Deshalb wird Ozon auch professionell zur Wasseraufbereitung eingesetzt, zum Beispiel in größeren Aquakultur- und Kreislaufanlagen.
Ozon ist also keine unseriöse Wundertechnik.
Aber es ist auch kein harmloses Wasserpflegemittel.
Kann Ozon gegen Blaualgen helfen?
Ja, das ist grundsätzlich möglich.
Blaualgen sind eigentlich keine Algen, sondern Cyanobakterien. Ozon kann diese durch seine starke Wirkung schädigen.
Wenn ein Aquarianer berichtet, dass seine Blaualgen nach wenigen Tagen stark zurückgegangen oder sogar verschwunden sind, kann das also durchaus stimmen.
Trotzdem bleibt eine wichtige Frage:
Warum waren die Blaualgen überhaupt da?
Ungünstige Strömung, zu viele Abbauprodukte, Nährstoffprobleme oder andere Ursachen können weiterhin bestehen.
Ozon kann den sichtbaren Belag beseitigen.
Die Ursache des Problems ist damit aber nicht automatisch behoben.
Und was ist mit Pinselalgen?
Hier wäre ich vorsichtiger.
Es gibt Erfahrungsberichte, dass Pinselalgen nach dem Einsatz von Ozon grau oder rötlich werden, absterben und sich anschließend leichter entfernen lassen.
Daraus würde ich aber nicht ableiten:
„Ozon ist ein bewährtes Mittel gegen Pinselalgen.“
Dafür gibt es im normalen Süßwasseraquarium zu wenig verlässliche Erfahrungen.
Auch Pinselalgen können verschiedene Ursachen haben. Dazu gehören zum Beispiel ungünstige Strömung, CO₂-Versorgung oder eine hohe Belastung durch Futterreste und andere Abbauprodukte.
Auch hier gilt:
Wenn die Algen verschwinden, muss das Aquarium deshalb noch lange nicht dauerhaft im Gleichgewicht sein.
Wo liegt das Risiko?
Ozon wirkt nicht nur auf das, was wir gerne loswerden möchten.
Bei zu hoher Dosierung kann es auch empfindliches Gewebe von Tieren schädigen.

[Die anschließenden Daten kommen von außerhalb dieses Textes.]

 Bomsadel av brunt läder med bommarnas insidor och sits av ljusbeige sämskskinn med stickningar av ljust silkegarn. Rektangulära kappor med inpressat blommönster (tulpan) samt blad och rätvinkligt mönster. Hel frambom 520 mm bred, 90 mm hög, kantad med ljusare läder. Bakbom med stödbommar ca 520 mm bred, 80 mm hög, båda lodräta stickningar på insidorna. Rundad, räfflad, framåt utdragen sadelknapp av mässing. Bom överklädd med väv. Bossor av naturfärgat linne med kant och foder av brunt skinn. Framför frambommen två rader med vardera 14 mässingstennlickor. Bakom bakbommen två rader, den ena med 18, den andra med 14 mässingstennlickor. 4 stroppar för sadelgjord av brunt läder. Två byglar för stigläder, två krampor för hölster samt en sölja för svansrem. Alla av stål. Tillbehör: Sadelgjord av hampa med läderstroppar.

Besonders gefährdet sind die Kiemen und Schleimhäute von Fischen.
Zu viel Ozon im Wasser kann deshalb ernsthafte Schäden verursachen.

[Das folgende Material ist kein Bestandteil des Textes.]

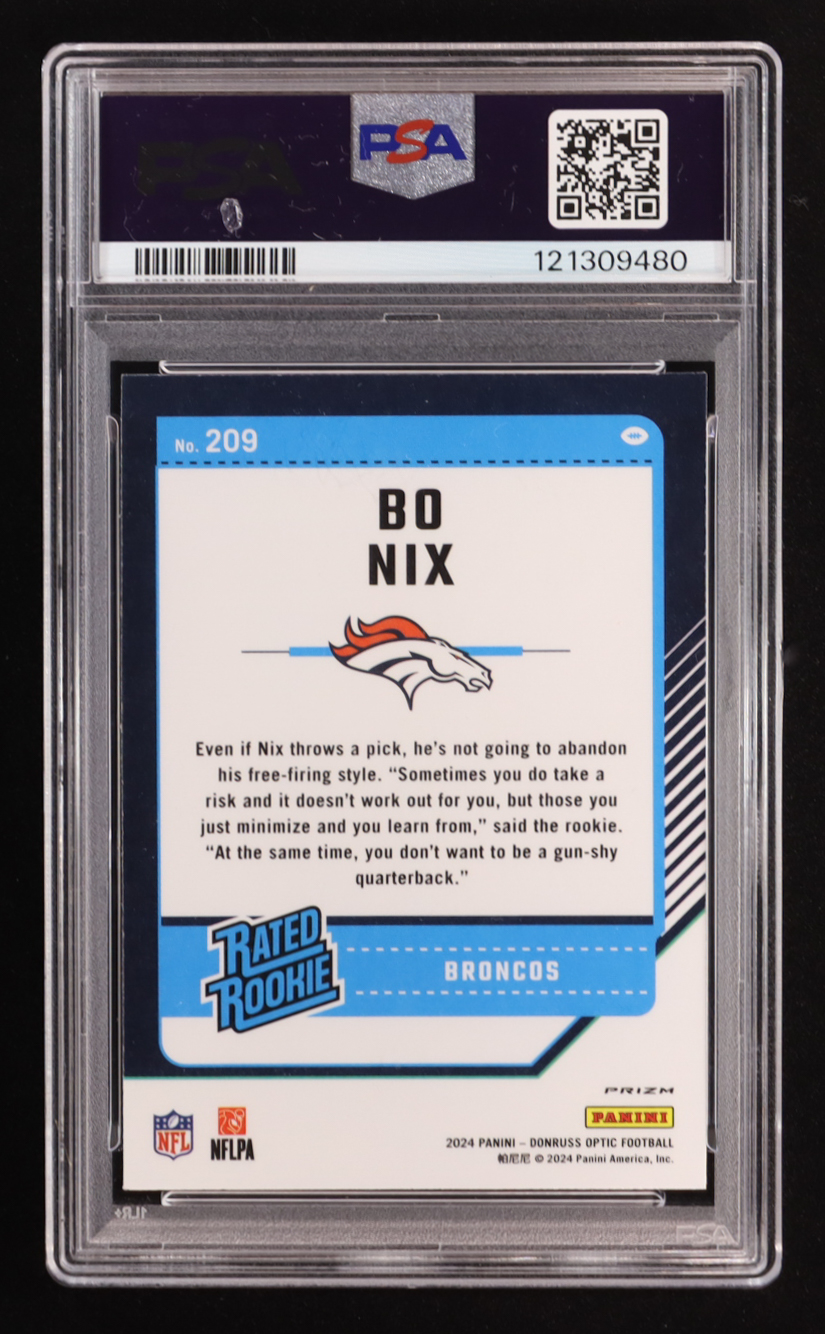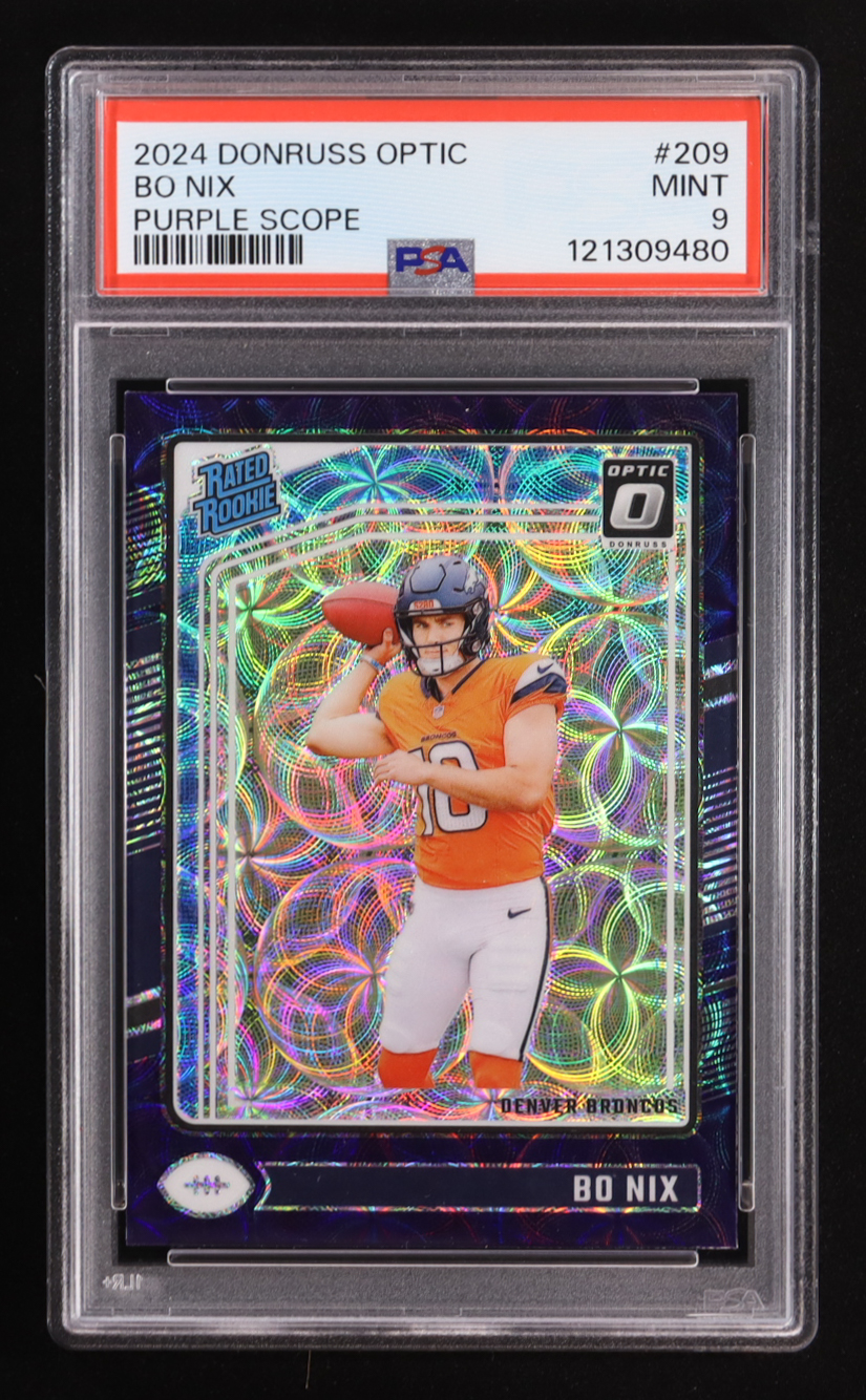 Bo Nix 2024 Donruss Optic Purple Scope #209 RR RC (PSA 9)

Eine Überdosierung ist kein kleiner Anwendungsfehler. Zu viel Ozon kann Kiemen und Schleimhäute schädigen, Tiere massiv belasten und im schlimmsten Fall zu schweren Ausfällen oder Verlusten führen. Das Gefährliche daran: Schäden können bereits entstehen, bevor man äußerlich überhaupt bemerkt, dass etwas nicht stimmt.
Besonders vorsichtig bei Garnelen und Jungtieren
Bei Garnelen, Schnecken, Krebsen und sehr jungen Tieren würde ich besonders vorsichtig sein.
Viele Erfahrungen und Untersuchungen zu Ozon stammen aus der professionellen Fischhaltung.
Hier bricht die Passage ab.